I've never had to sign one here. Our lawyer would have to review it and of course we have legislation here that provides protection of private/confidential information anyway. I'd want the agreement to be very specific on what they are trying to protect.

The agreement should not be permitted to restrict your work as an official in any capacity.

I'm with a municipality.


----------



## Keystone (Apr 4, 2018)

tmurray said:


> I've never had to sign one here. Our lawyer would have to review it and of course we have legislation here that provides protection of private/confidential information anyway. I'd want the agreement to be very specific on what they are trying to protect.
> 
> The agreement should not be permitted to restrict your work as an official in any capacity.
> 
> I'm with a municipality.



I haven't seen the document because I advised gate security I refuse to sign any document, our policy (third party) is we do not sign anything from anyone else. 

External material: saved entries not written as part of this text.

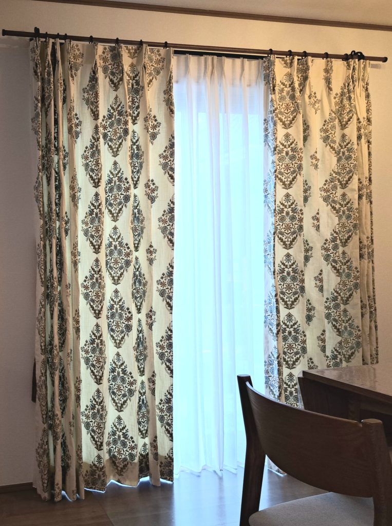 ドレープカーテンはエレガントながらどことなくオリエンタルな雰囲気があるMANAS-TEX Devon(コットン裏地付き)。
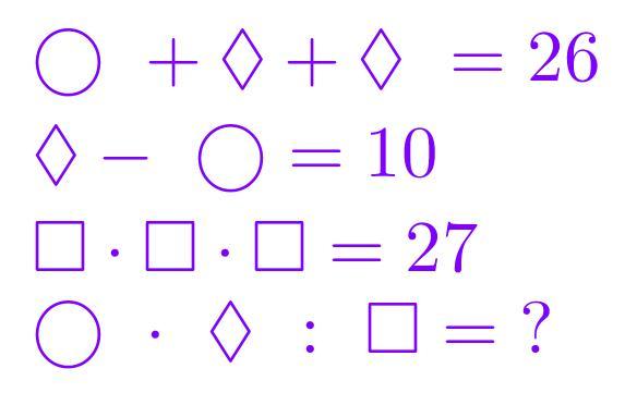 Круг * Ромб : Квадрат = 2 * 12 : 3 = 8
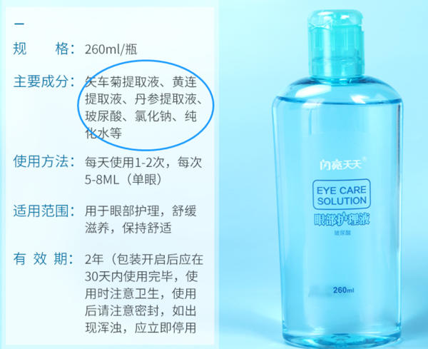 主要成分是矢车菊,玻尿酸,黄连草本精华,矢车菊用来清凉明目,玻尿酸改善眼干眼涩,黄连可以清凉放松眼部,消除异物感。

I do not imagine the intent of this non disclosure as preventing or restricting my duty however a lawyer can better advise on this.


----------



## cda (Apr 4, 2018)

Have dealt with proprietary before, never had to sign anything. My guess about the same thing.

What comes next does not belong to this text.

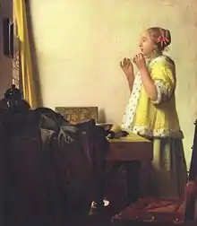 In this painting, Vermeer depicts a young girl strumming a guitar. The instrument is placed comfortably on her lap while she plays near a window, sitting in the corner of a room. Her attire is made up of an ermine-bordered yellow jacket, an ivory-colored satin dress, and a pearl necklace.[5][7] Surrounding her is a painted pastoral landscape bordered by an extravagant picture frame, a blank wall, three books, and a guitar.[5][7] Prior to this painting, Vermeer portrayed individuals with obscure expressions.[3] On the contrary, this young girl has an open expression that is joyous and flirtatious. The girl's smile and tipped head, along with the fixed gaze on something just outside the painting suggests that she is playing not for us, but for an unseen individual.[6][7][3] Her dress and hairstyle reflect the relevant fashions of the wealthy Dutch, in that day.[3]

On a city side, most stuff is discoverable by open records. I can see security matters and similar could be protected


----------



## my250r11 (Apr 4, 2018)

cda said:


> On a city side, most stuff is discoverable by open records.



Same here, I only sign our permits.


----------



## Francis Vineyard (Apr 4, 2018)

tmurray said:


> I've never had to sign one here. Our lawyer would have to review it and of course we have legislation here that provides protection of private/confidential information anyway. I'd want the agreement to be very specific on what they are trying to protect.
> 
> The agreement should not be permitted to restrict your work as an official in any capacity.
> 
> I'm with a municipality.


Ditto;  "shall be confidential and shall not be subject to disclosure under the Virginia Freedom of Information Act (§ 2.2-3700 et seq.), except to the applicant or the owner of the property upon the applicant's or owner's request."


----------



## cda (Apr 4, 2018)

Francis Vineyard said:


> Ditto;  "shall be confidential and shall not be subject to disclosure under the Virginia Freedom of Information Act (§ 2.2-3700 et seq.), except to the applicant or the owner of the property upon the applicant's or owner's request."





Just a question

What :::    “”””shall be confidential””””  and shall not be subject to disclosure


----------



## tmurray (Apr 4, 2018)

cda said:


> Just a question
> 
> What :::    “”””shall be confidential””””  and shall not be subject to disclosure



This would be anything that violates an individual, or companies "reasonable expectation of privacy". Section 8 of the Canadian Rights and Freedoms. You folks have an amendment to your constitution on this (...4th?). Private residences would have the strictest expectation of privacy: anything not visible from public property could be reasonably expected to be private. Businesses open to the public or bare land have a moderate expectation of privacy. Business that are not open to the public or restricted areas in businesses that are open to the public would have a higher expectation of privacy as well, particularly in this situation with security involved. 

If information has been lawfully obtained by a building inspector through an administrative process, but that information is otherwise private, it would be a violation of the law to release this information.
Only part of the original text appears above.